5. Practical Limitations and Future Directions

Each PRIMRose instantiation identifies limits and open avenues:

• Container selection: Generalizes across programming environments but currently excludes map/dictionary types and relies on simple total ordering assumptions where required. Performance benchmarking is naive, inviting future integration of cache, memory, and system-specific predictors, or more precise correctness proofs (e.g., via RustBelt formal methods) (Qin et al., 2022).
• Survey synergy: Dependent on true mutual coverage and cross-matched catalog depth between Roman and PRIMA. Improvements may target photometric redshift accuracy via deeper optical fields or expanded FIR line coverage for ISM diagnostics (Boquien et al., 1 Sep 2025).
• Protein mutation energetics: Largest generalization errors remain for nonlocal, complex geometry-sensitive energy terms; extension to more diverse protein folds, larger proteins, or context-aware architectures is indicated. Incorporation of additional 3D/geometric priors may further improve performance (Brown et al., 6 Dec 2025).

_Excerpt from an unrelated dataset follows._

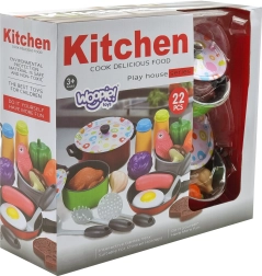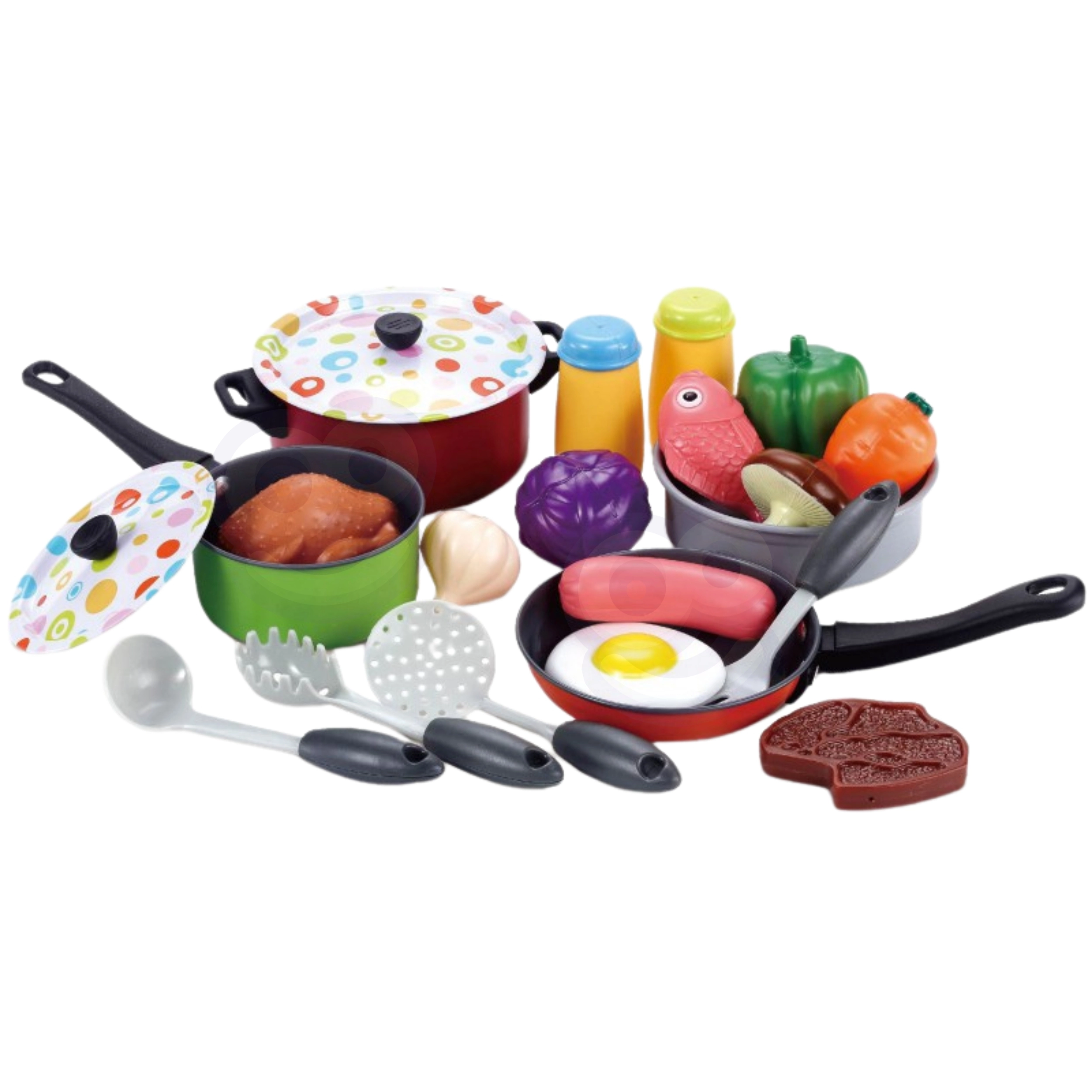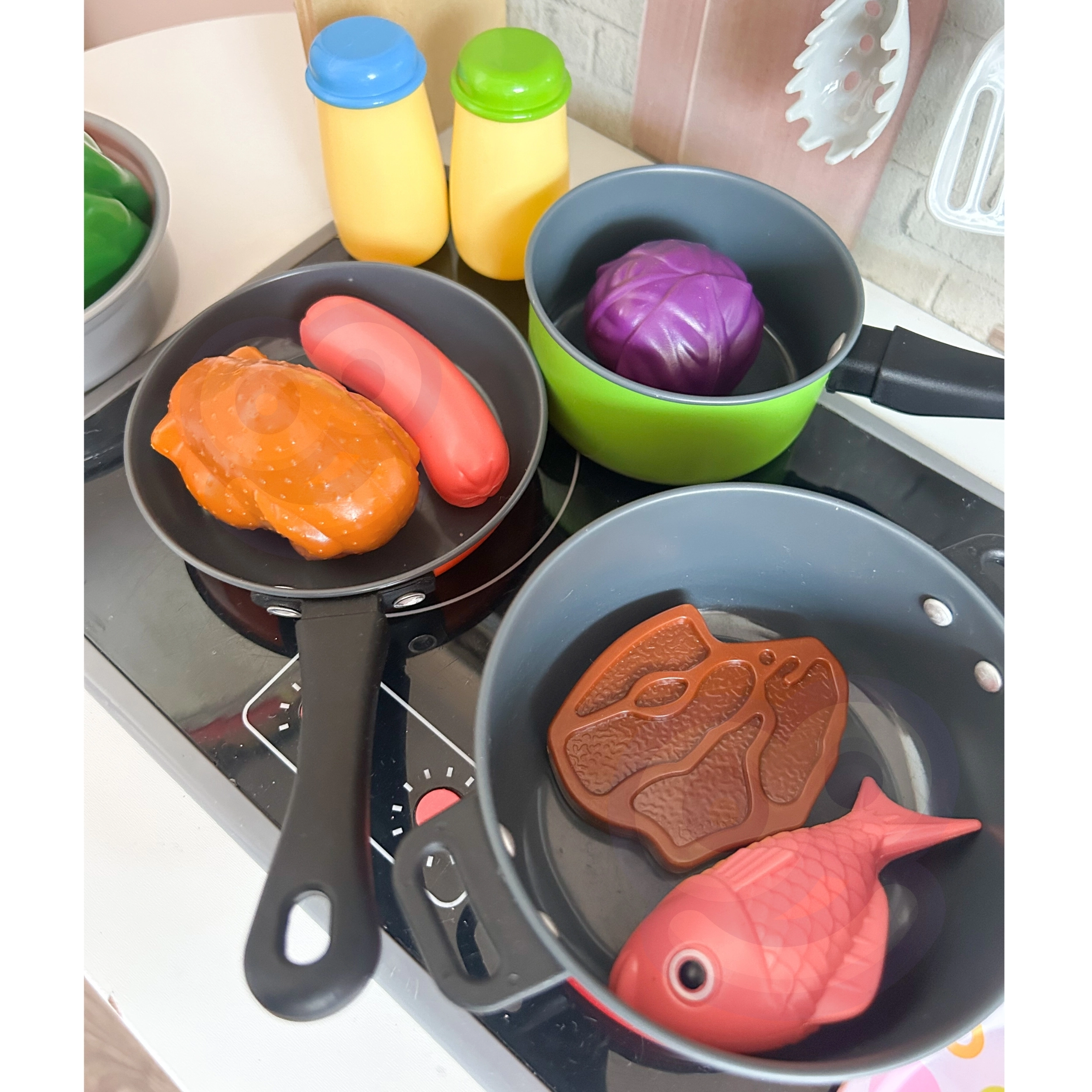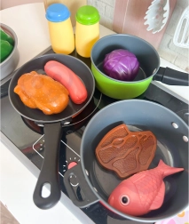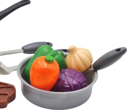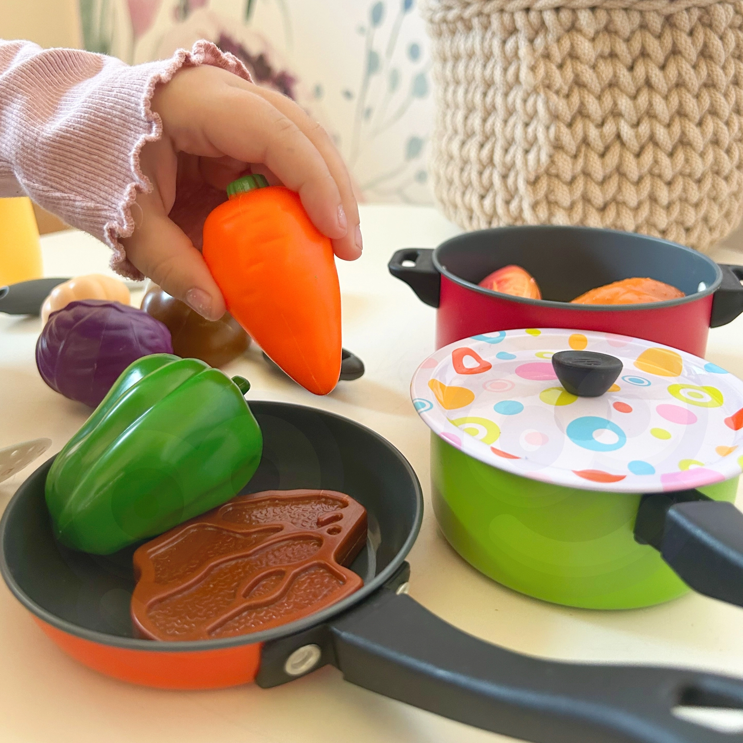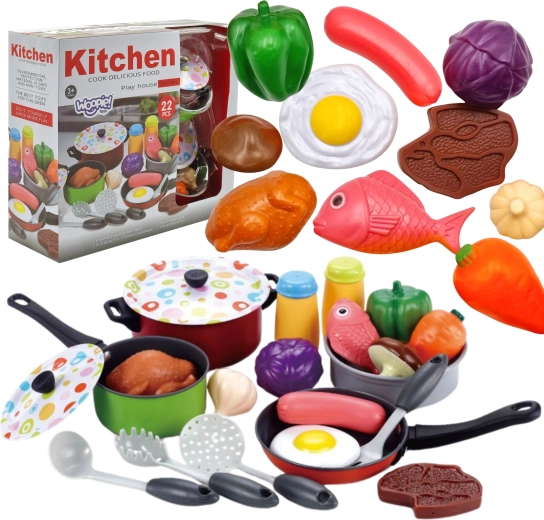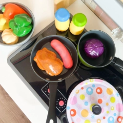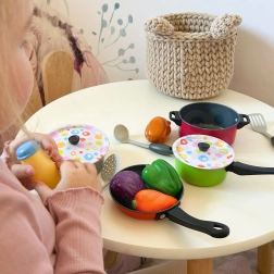 Puodai su dangteliais, keptuvė ir spalvingi ingredientai leidžia vaikams atkartoti tikrą gaminimą, lavinti vaizduotę ir smulkiąją motoriką.

6. Significance and Cross-Disciplinary Impact

Despite the lack of direct connection among the three threads, PRIMRose exemplifies contemporary trends in:

• Raising abstraction in software and data analysis workflows (via formal specification, property-driven synthesis, and correctness-aware selection).
• Integrating disparate observational facilities for maximal physical inference—joint photometry, as in extragalactic astrophysics, removes degeneracies unbreakable by single-instrument approaches.
• Translating simulation-informed physical insight into machine learning workflows that extract local, interpretable metrics, advancing the granularity and utility of computational biology predictions.

In each context, PRIMRose leverages rigorous formalism, comprehensive verification, and performance-centered filtering, supporting reproducible, high-confidence analysis and design.